<The limit of scatter dot plot - geom_point()>
When the density of the graph in a particular range is high, we cannot really figure out how dense it is, and how many dots are in the position. For a solution, we can set alpha and shape of the dots, but the solutions are not enough to solve the limitations.
ggplot(data=diamonds,aes(x=x*y*z,y=price))+geom_point()
> ggplot(data=diamonds,aes(x=x*y*z,y=price))+geom_point(alpha=0.1)
> ggplot(data=diamonds,aes(x=x*y*z,y=price))+geom_point(shape=1)
> ggplot(data=diamonds,aes(x=x*y*z,y=price))+stat_bin2d()
> ggplot(data=diamonds,aes(x=x*y*z,y=price))+stat_bin2d(bins=50)
For this example, by setting the number of bins 50, the graph becomes having 2500 rectangles in total.
by setting the number of bins yourself, you can have a more concrete frequency graph.

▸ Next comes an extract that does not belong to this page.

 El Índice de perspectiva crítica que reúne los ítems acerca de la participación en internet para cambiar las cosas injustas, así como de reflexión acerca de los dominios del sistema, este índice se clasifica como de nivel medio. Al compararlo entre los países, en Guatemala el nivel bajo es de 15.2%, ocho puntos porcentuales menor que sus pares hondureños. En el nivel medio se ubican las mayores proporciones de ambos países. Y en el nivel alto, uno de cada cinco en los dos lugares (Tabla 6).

> ggplot(data=diamonds,aes(x=x*y*z,y=price))+stat_bin2d(bins=50)+scale_fill_gradient(low="lightblue",high="black")
> ggplot(data=diamonds,aes(x=x*y*z,y=price))+stat_bin2d(bins=50)+scale_fill_gradient(low="lightblue",high="black",limits=c(0,9000))

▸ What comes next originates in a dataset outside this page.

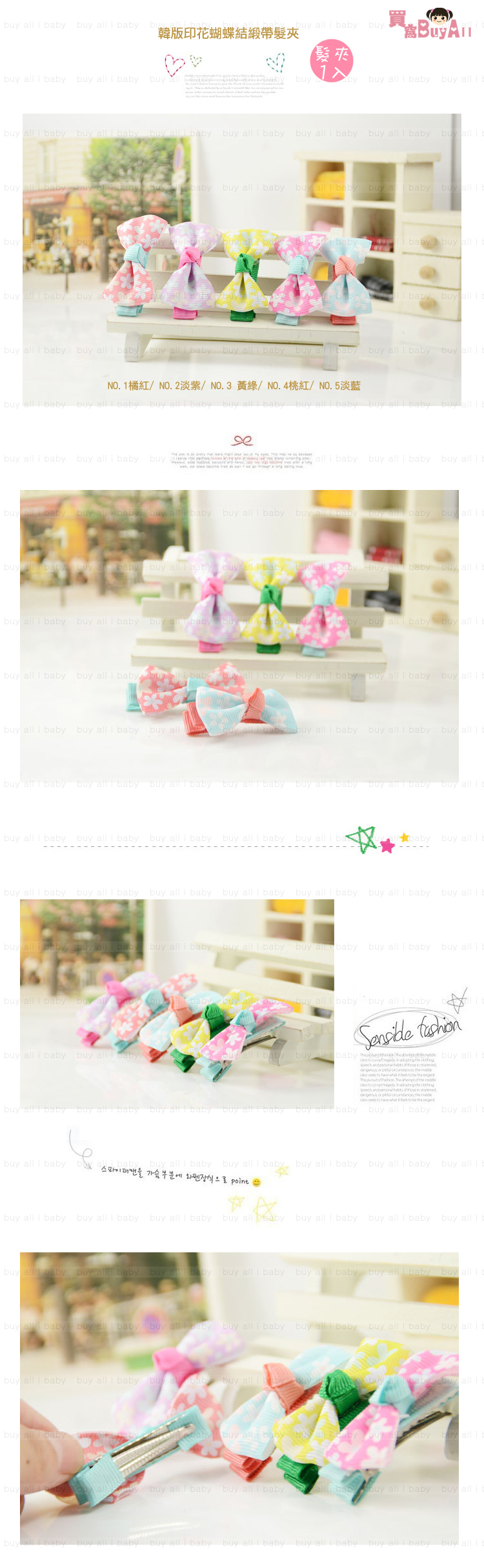【兒童髮飾造型系列】韓版印花蝴蝶結緞帶髮夾/兒童髮夾/兒童髮飾/瀏海夾/彈簧夾《1入裝》☆5色☆

the legend can be set manually by adding 'limits=c()'
<stat_binhex() - hexagon bins>
>install.packages("hexbin")
>library(hexbin)
> ggplot(data=diamonds,aes(x=x*y*z,y=price))+stat_binhex()
> ggplot(data=diamonds,aes(x=x*y*z,y=price))+stat_binhex()+scale_fill_gradient(low="lightblue",high="red",limits=c(0,12000))
> ggplot(data=diamonds,aes(x=x*y*z,y=price))+stat_binhex()+scale_fill_gradient(low="lightblue",high="red",breaks=c(1000,2000,3000,4000,5000,6000,7000,8000,9000,10000,11000,12000),limits=c(0,12000))
> ggplot(data=diamonds,aes(x=x*y*z,y=price))+stat_binhex()+scale_fill_gradient(low="lightblue",high="red",breaks=c(seq(from=0,to=12000,by=1000)),limits=c(0,12000))
seq(from=9,to=12000,by=1000) is the simple version of breaks=c(1000,2000,3000,4000,5000,6000,7000,8000,9000,10000,11000,12000)
<The reason for gray bins when setting the legend manually >
> ggplot(data=diamonds,aes(x=x*y*z,y=price))+stat_binhex()+scale_fill_gradient(low="lightblue",high="red",limits=c(0,2000))
you can set the legend manually by adding 'limits=c()'.
In this case, you should consider the range of counts carefully.
The gray hexagon represents that the frequencies(counts) of the area is over the range of legend.
<The way to jittering overlapped dots >
You may know that the limitation of the dot plot is a disability of representing frequencies.
I think jittering dots seems to fix the problem.
However, this method is only useful when using a discrete variable in x or y.
> ggplot(data=mpg,aes(x=class,y=cty))+geom_point()
you cannot know the frequencies of dots by just using geom_point()
> ggplot(data=mpg,aes(x=class,y=cty))+geom_point(position="jitter")
> ggplot(data=mpg,aes(x=class,y=cty))+geom_point(position=position_jitter(width=0.3,height=0))